If you want to convert a TeX hyphenation pattern file, you have to undo the TeX encoding for non-ASCII text. FOP uses Unicode, and the patterns must be proper Unicode too. You should be aware of the XML encoding issues, preferably use a good Unicode editor.
Note that FOP does not do Unicode character normalization. If you use combining chars for accents and other character decorations, you must declare character classes for them, and use the same sequence of base character and combining marks in the XSLFO source, otherwise the pattern wouldn't match. Fortunately, Unicode provides precomposed characters for all important cases in common languages, until now nobody run seriously into this issue. Some dead languages and dialects, especially ancient ones, may pose a real problem though.
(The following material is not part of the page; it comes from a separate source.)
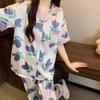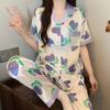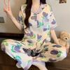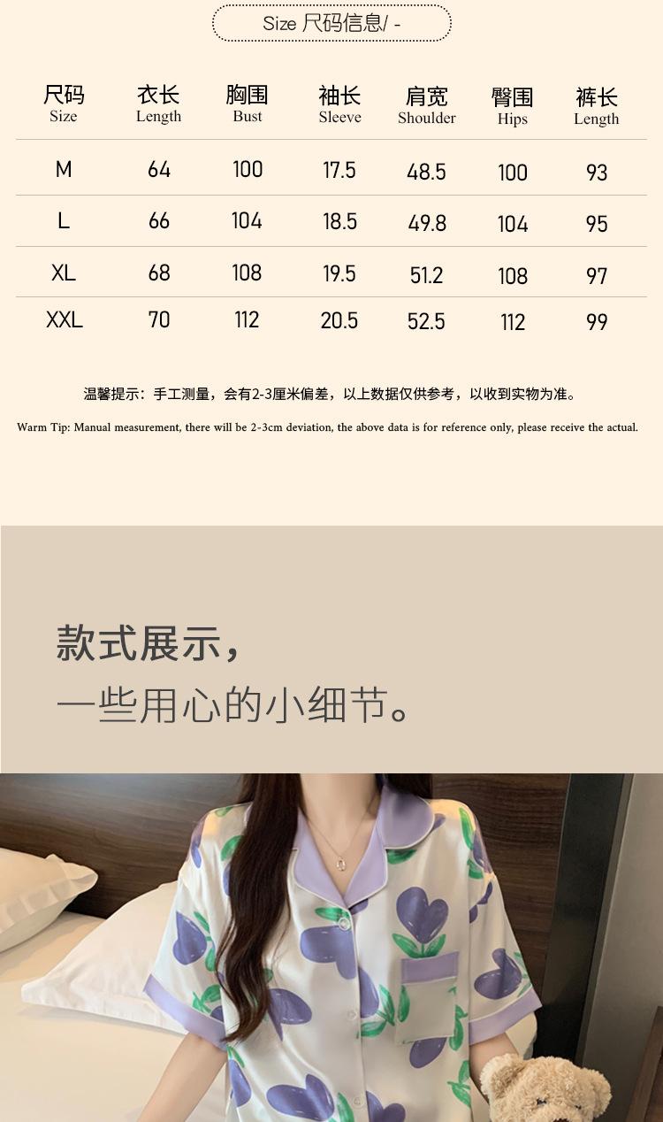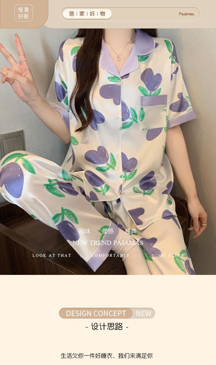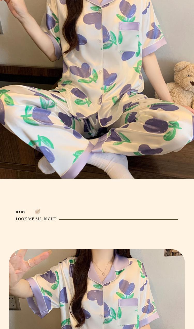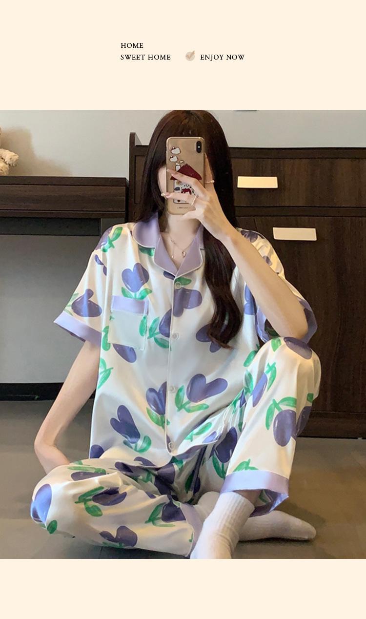 Pijama de Seda de Hielo de Estilo Coreano Tulipán Dulce Color Contrastante para Mujer Temperamento Verano Manga Corta Traje Casual Se Puede Usar Afuera Venta al por Mayor

If you want to generate your own patterns, an open-source utility called patgen can be used to assist in creating pattern files from dictionaries. It is available in many Unix/Linux distributions and every TeX distribution. Pattern creation for languages like english or german is an art. Read Frank Liang's original paper "Word Hy-phen-a-tion by Com-pu-ter" (yes, with hyphens) for details. The original patgen.web source, included in the TeX source distributions, contains valuable comments, unfortunately technical details often obscure the high level issues. Another important source of information is The TeX Book, appendix H (either read the TeX source, or run it through TeX to typeset it). Secondary articles, for example the works by Petr Sojka, may also give some much needed insight into problems arising in automated hyphenation.